How do we turn COP26 funding pledges into actual projects?

By Tomas van Stee, CEO & Founder - November 16, 2021

Bringing governments and international finance to the table at COP26 was far from simple, so we need to ensure that the pledges made in Glasgow are realized.



The results of the COP26 meeting in Glasgow have been a mixed bag, but one highlight to come out of the event is the pledge by financial players managing $130 trillion to green their investing and put fighting climate change at the centre of their work. Bringing about the green economy and tackling climate change represents the most expensive undertaking in human history, with investments to the tune of $2-4 trillion needed annually until 2050.

The Glasgow Finance Alliance for Net-Zero (GFANZ), led by UN climate envoy and former Bank of Canada and Bank of England governor, Mark Carney, is a promising development that is bringing together banks, investors, and insurers. That said, these promises and pledges are only words, so how do we turn them into concrete action? There is increasing interest among investors to invest in cleantech, so the question becomes how to connect the trillions in pledged cleantech funding to the projects that actually need it. But despite interest from businesses and financiers, too many cleantech projects remain stalled or never get off the ground because the process needed to access that capital is far too difficult.

Companies trying to implement cleantech projects need to take on a lot of debt to pay for expensive upgrades and retrofits. These debt levels are risky because businesses are often unsure whether their cleantech solutions will actually deliver the savings that are promised.

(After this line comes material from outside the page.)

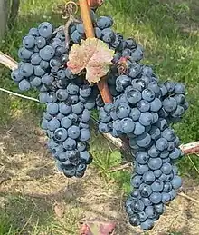 Blaufränkisch (German for blue Frankish) is a dark-skinned variety of grape used for red wine.[1] Blaufränkisch, which is a late-ripening variety, produces red wines which are typically rich in tannin and may exhibit a pronounced spicy character.[2]

And the spectre of debt alone reduces business confidence and dissuades many firms from starting projects in the first place.

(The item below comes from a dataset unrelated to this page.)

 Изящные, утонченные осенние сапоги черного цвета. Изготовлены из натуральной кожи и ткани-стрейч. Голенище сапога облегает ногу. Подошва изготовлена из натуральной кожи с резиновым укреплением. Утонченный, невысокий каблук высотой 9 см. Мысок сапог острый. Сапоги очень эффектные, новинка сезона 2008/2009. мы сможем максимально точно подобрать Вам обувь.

Let’s make the cleantech revolution a reality


If you look at the cleantech sector, you’ll see both a huge pile of money on one side and a huge pile of backlogged projects on the other. Bridging this gap and accelerating the adoption of cleantech is where EnPowered is looking to play a vital role. A month ago I was proud to announce the launch of EnPowered Payments — our on-bill repayment platform. We built Payments to overcome the hurdles that companies looking to invest in cleantech face, by creating a risk-free funding option that uses future energy savings to pay for cleantech solutions today.

EnPowered works with cleantech solution providers to help them sell more and their customers save more. Instead of the solution buyer shouldering the risk of the investment, the risk is taken up by our network of funding partners. This way, companies are freed from capital restrictions. Instead, they can pay for their chosen solution in manageable payments through their electricity bill.

This time we need to make sure the pledged financing actually materializes

Once the solution has been installed, the customer immediately sees savings on their bill, while a portion of those savings is used to pay off the solution: once that has been done, the customer enjoys the full savings of the solution. And as an added benefit, paying through your electricity bill not only reduces paperwork, it increases transparency, making oversight and asset performance tracking that much easier.

Bringing governments and international finance to the table at COP26 was far from simple, so we need to ensure that the pledges made in Glasgow are realized. This means facilitating easier access to cleantech financing and catalyzing the rate of adoption by overcoming business hesitancy and the lack of flexible capital. Too many environmental promises have been made in the past only to never be fulfilled, this time we need to make sure the pledged financing actually materializes. This means removing the risk to the customer in order to deploy capital at scale. To help realize this promise, we need to reduce as much friction as possible to pave the way for faster cleantech adoption.